Depuis le 15 novembre dernier, l’Iran est en proie à des troubles épisodiques. Ces derniers ont été déclenchés par la décision du président iranien de réduire les ruineuses subventions qui assurent un prix dérisoire à l’essence et au gaz alors même que les exportations iraniennes se sont effondrées. Les catégories populaires, qui ne peuvent plus acheter de viande ou de médicaments ont été les premières à manifester. Le régime a étroitement contrôlé le débit internet afin d’éviter tout débordement. Quant aux principaux opérateurs iraniens de téléphonie mobile : MCI, Rightel, et IranCell, ils ont suspendu leurs services. L’assassinat du général Soleimani se présente comme une occasion inespérée pour le régime de rassembler la population autour d’un nouveau martyr. C’est en effet le culte des martyrs qui fédère les fidèles chiites. Quant au général, éliminé, non à la faveur d’un combat honorable et régulier mais d’une frappe télécommandée, il a été immédiatement assimilé aux javanmardi, ces preux dont les prouesses parsèment la littérature persane, et qui sont prêts à offrir leur vie afin de protéger les déshérités. Ce renforcement du régime iranien actuel satisfait en fin de compte les opposants géopolitiques de l’Iran, qui n’ont guère à craindre d’un État confiné d’un point de vue financier, discrédité sur le plan médiatique, et maintenu au seuil du nucléaire par des menaces quotidiennes.
Quelles sont les suites à attendre de cet événement ?

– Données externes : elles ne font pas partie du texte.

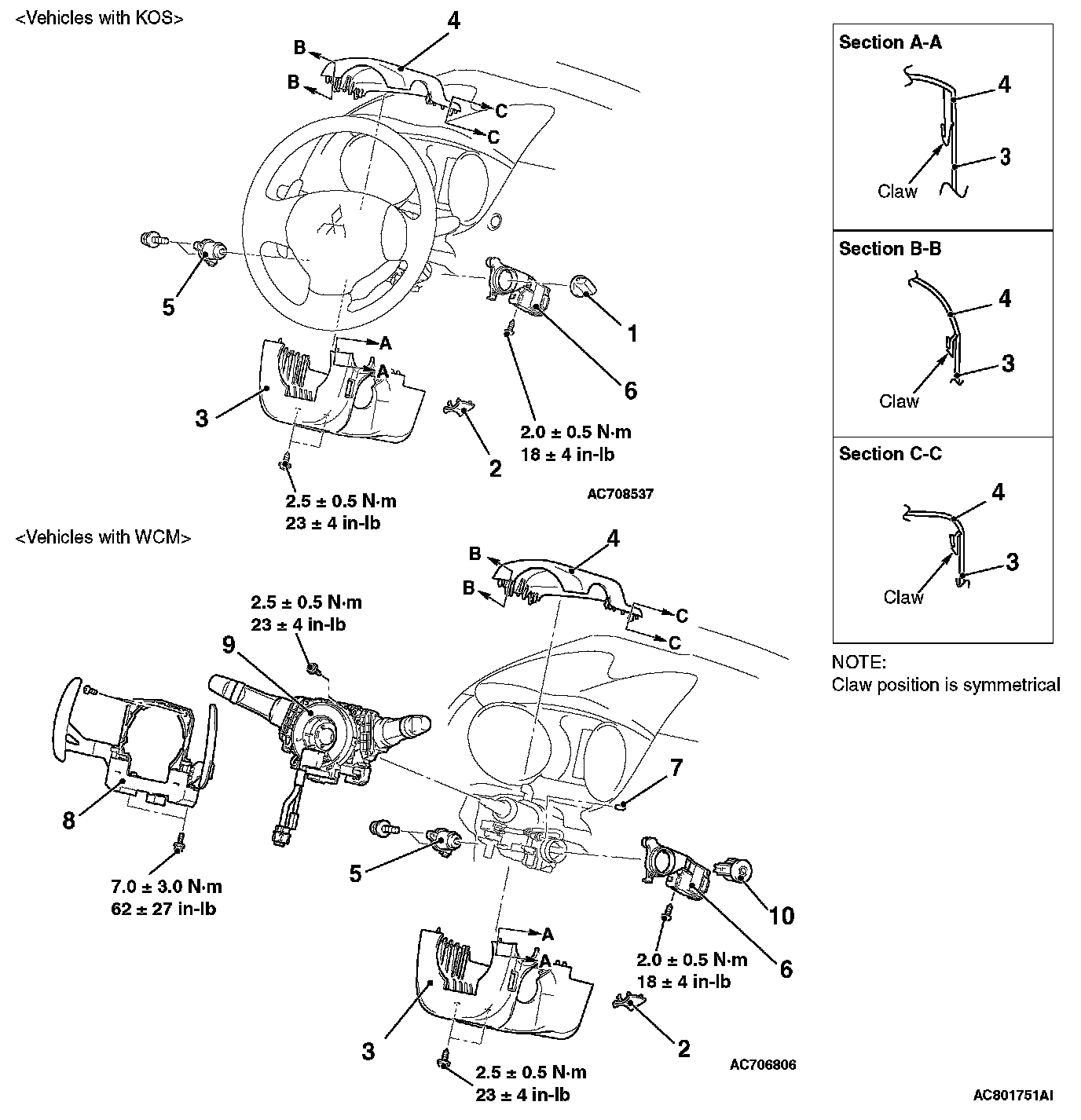 - After the installation, perform a calibration for the ASC-ECU to learn the steering wheel sensor neutral point (Refer to On-vehicle Service - Steering Wheel Sensor Calibration). [Vehicles with WCM and ASC]
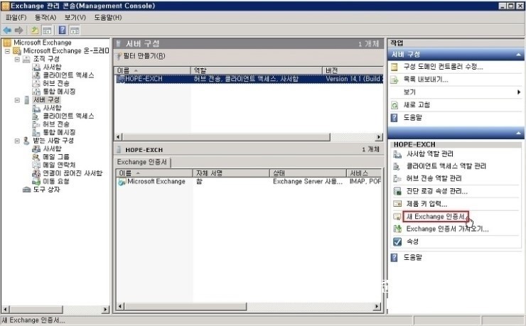 1. Exchange 관리 콘솔 창에서, 서버 구성 - 서버 - 새 Exchange 인증서 를 클릭 합니다.
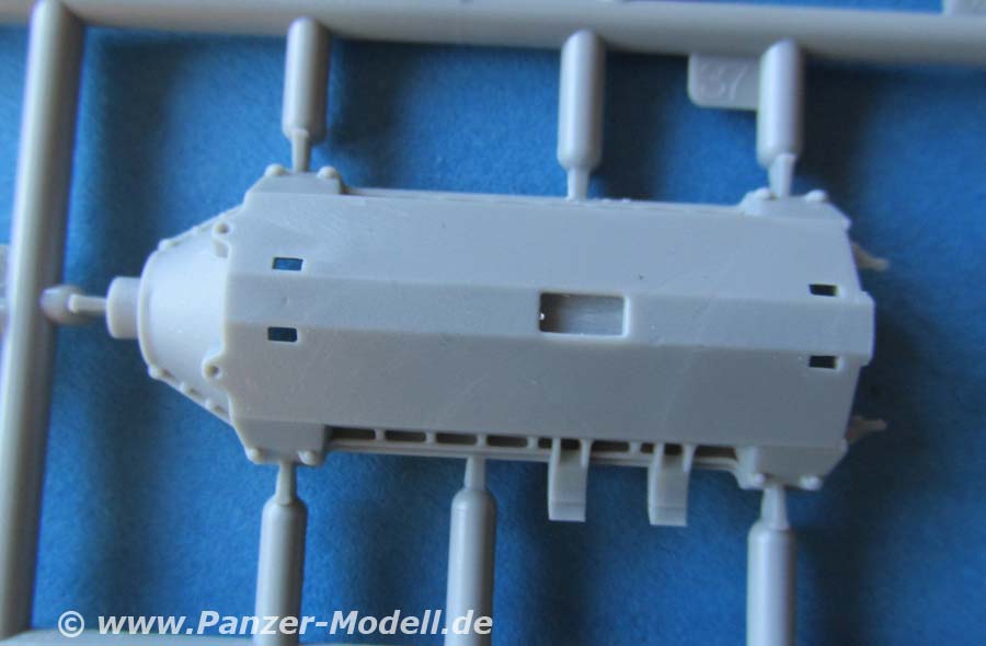 Das Kanonenrohr ist aus Plastik und einteilig was schon mal sehr vorbildlich ist.
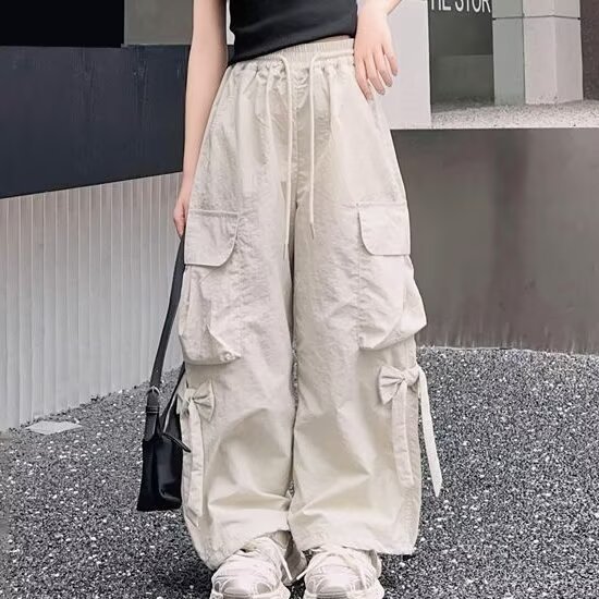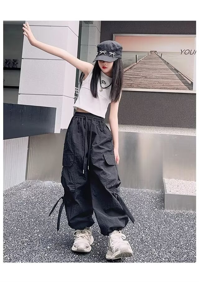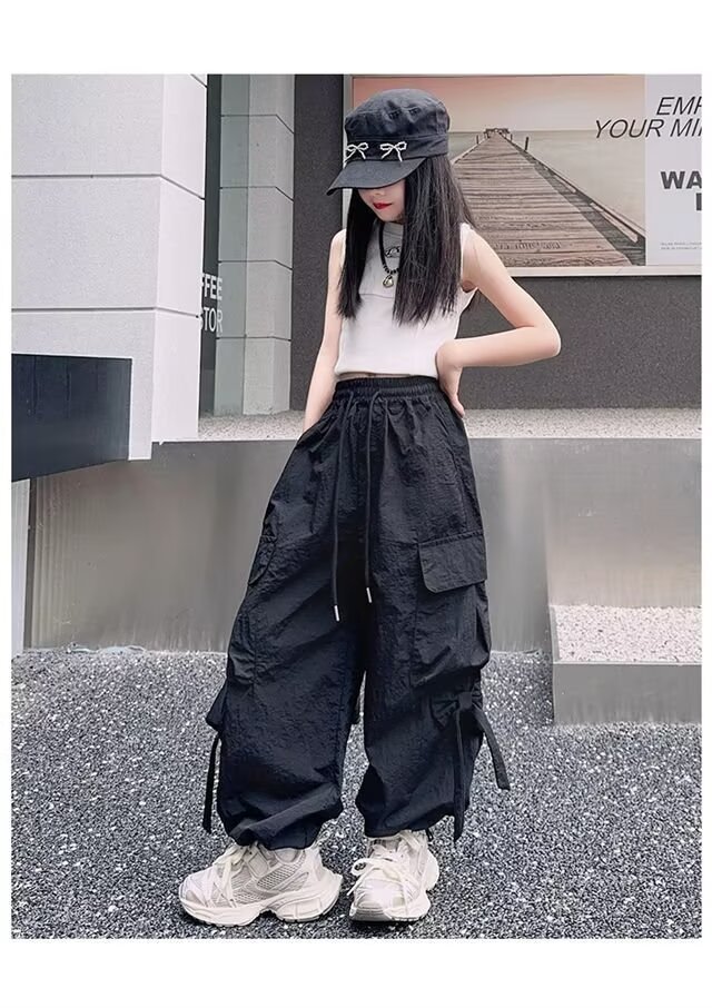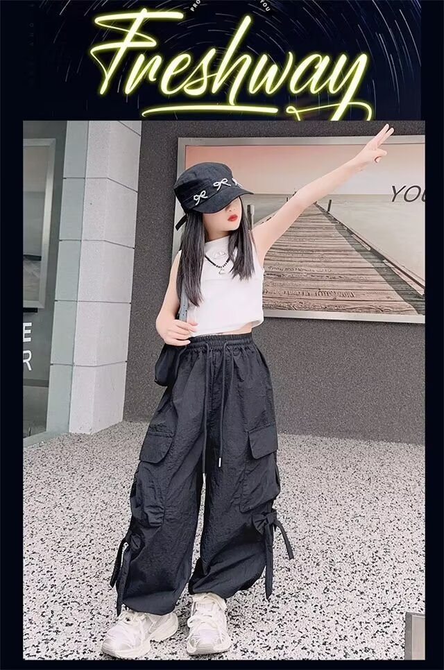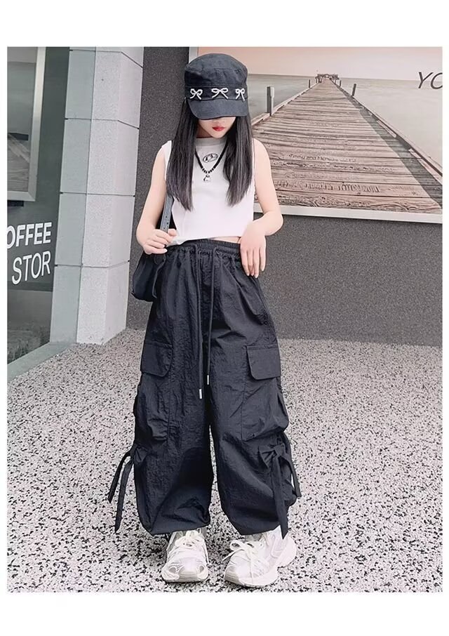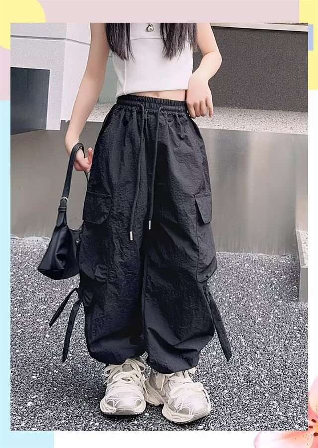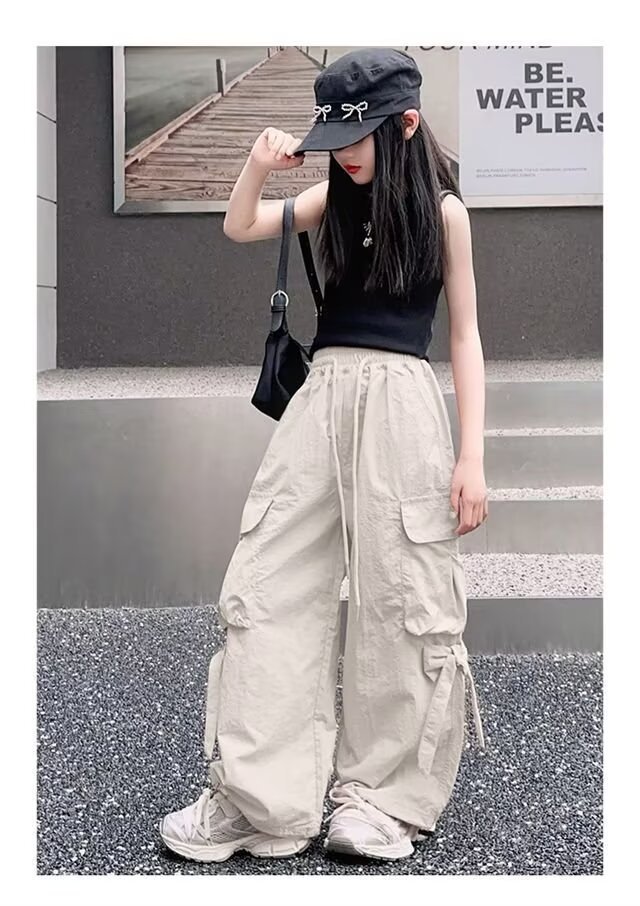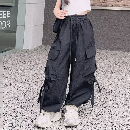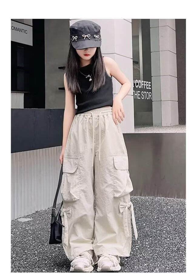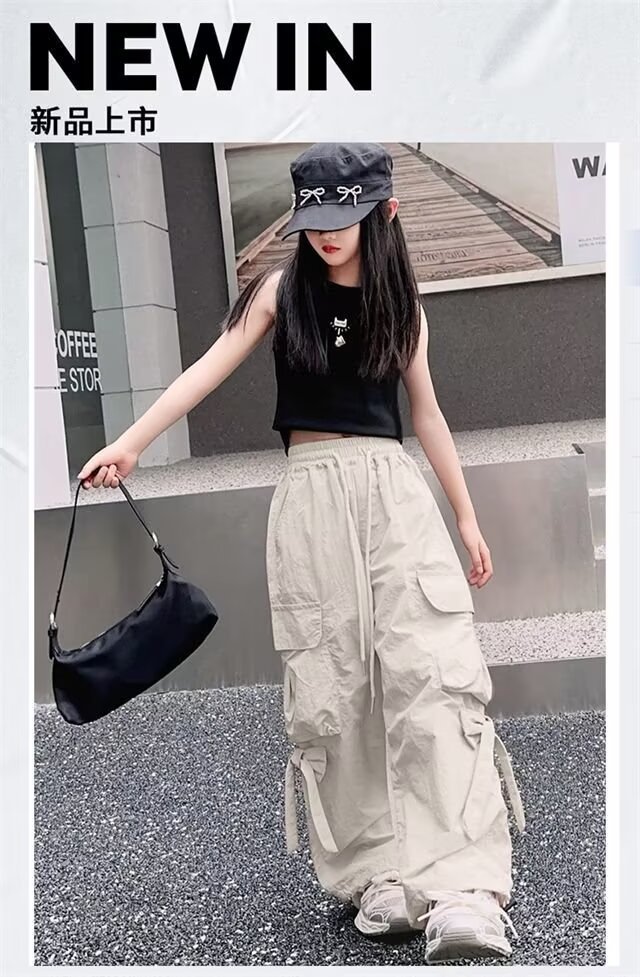 소녀 빠른 건조 크록 바지 봄과 가을 새로운 서양 스타일 캐주얼 어린이 핑크 넓은 다리 바지 달콤한 쿨 스파이스 소녀 바지스토어 가기
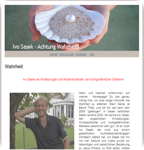 Hallo und herzlich willkommen auf meiner Homepage! Du bist genau richtig hier, um über obige Vorwürfe die Wahrheit zu erfahren. Mein Name ist Bernd Tittel, und ich bin seit dem Jahr 2000 "gefangen" in dieser herrlichen Sekte namens OCG. Ich kenne Ivo Sasek, den angeblichen Kinderprügler, Kinderschänder und hochgefährlichen Sektierer persönlich sehr gut. Ist es doch Ivo Sasek, der mich aus einem gesetzlichen, buchstabenabhängigen Christsein befreit hat.
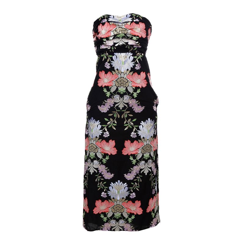 Vestido Cris Barros Roxana Floral com Fundo Preto
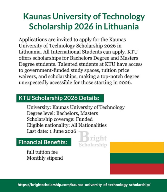 Kaunas University of Technology Scholarship 2026 in Lithuania (Funded)
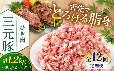 【全12回定期便】平田牧場 ひき肉 1.2kg (600g×2P) 豚肉 餃子 つくね [AJAP125]
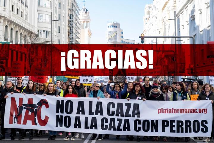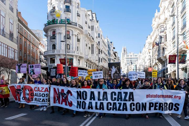 Cada febrero, la Plataforma NAC (No a la Caza) convoca a nivel estatal una manifestación para promover y concienciar sobre el fin de la caza y en particular la caza con perro. España es el único país de la Unión Europea en el que está permitida la caza con perros en modalidades de montería, batidas y caza con galgos.
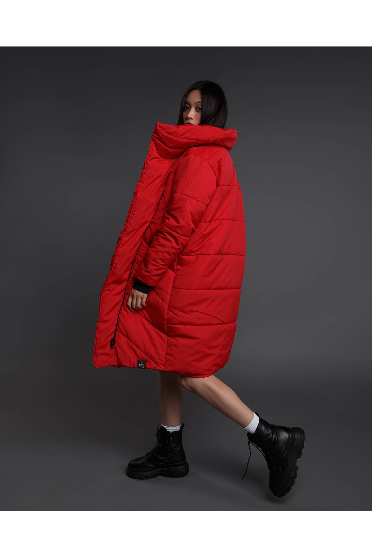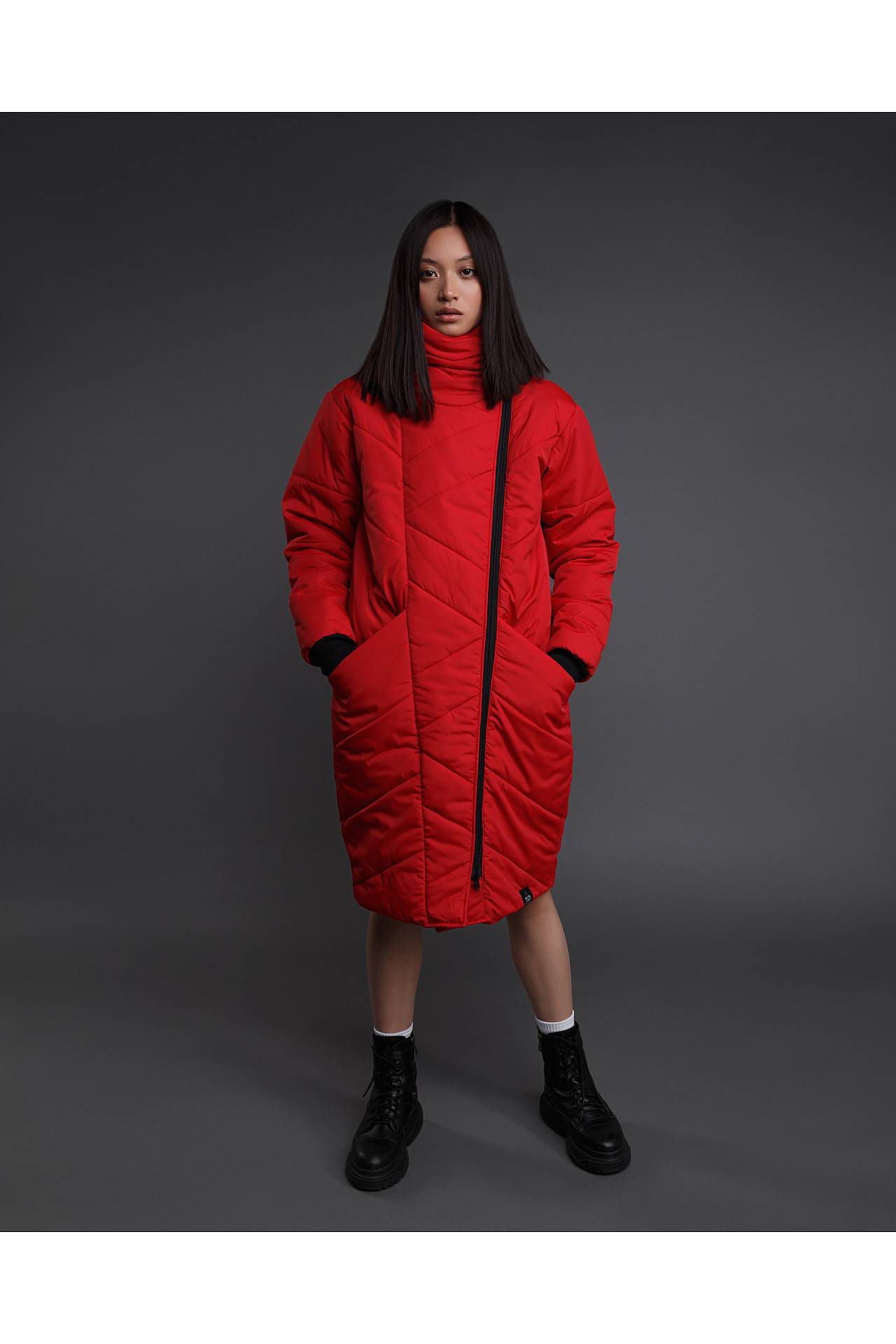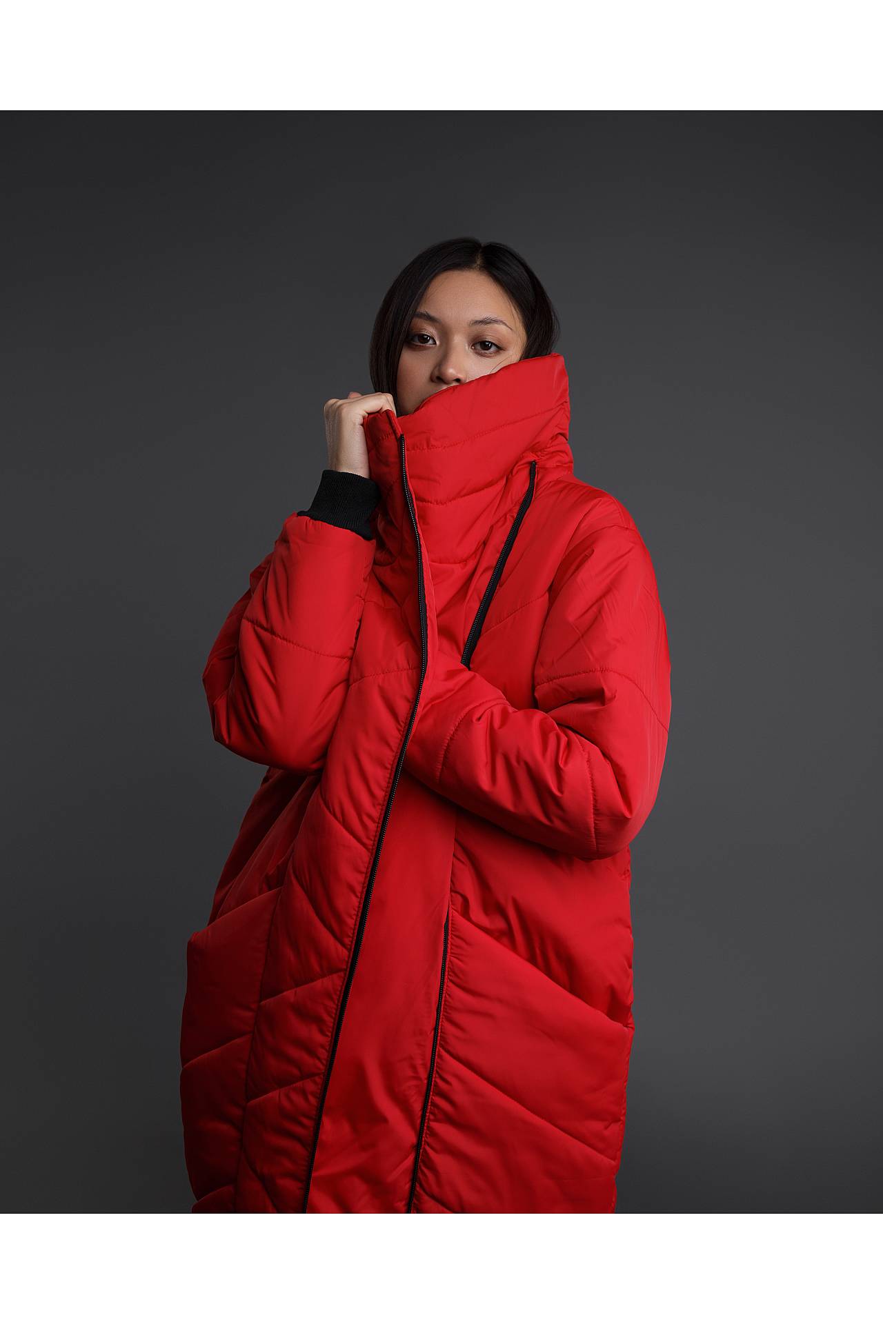 Эластичные манжеты на рукавах красного пуховика фиксируют одежду в нужном положении. Главной изюминкой фасона является высокое горло. Его можно полностью поднять вверх, или расстегнуть, дополнив образ снудом, хомутом или элегантным шарфиком.

Conformément à ses habitudes diplomatiques, l’Iran va tout faire pour éviter de tomber dans le piège de l’escalade militaire. Il réagira sans doute en temps et en heure par une frappe symétrique comme ce fut le cas lorsque ses savants nucléaires furent assassinés. En réalité, la diplomatie iranienne est bien consciente que l’acte de bravade du jour masque une défaite de l’intelligence politique américaine. En effet, jamais l’Iran n’aurait réussi à s’implanter dans le sud de l’Irak, si l’État irakien n’avait été préalablement détruit par l’inconséquence américaine.
Samedi 4 janvier, l’Iran a répliqué par des attaques symboliques. Une roquette de type Katioucha est tombée samedi près de l’ambassade américaine à Bagdad. Elle n’a fait aucun blessé. Deux roquettes du même modèle sont tombées le même jour sur une base aérienne abritant des forces américaines stationnées à 80 kilomètres au nord de Bagdad.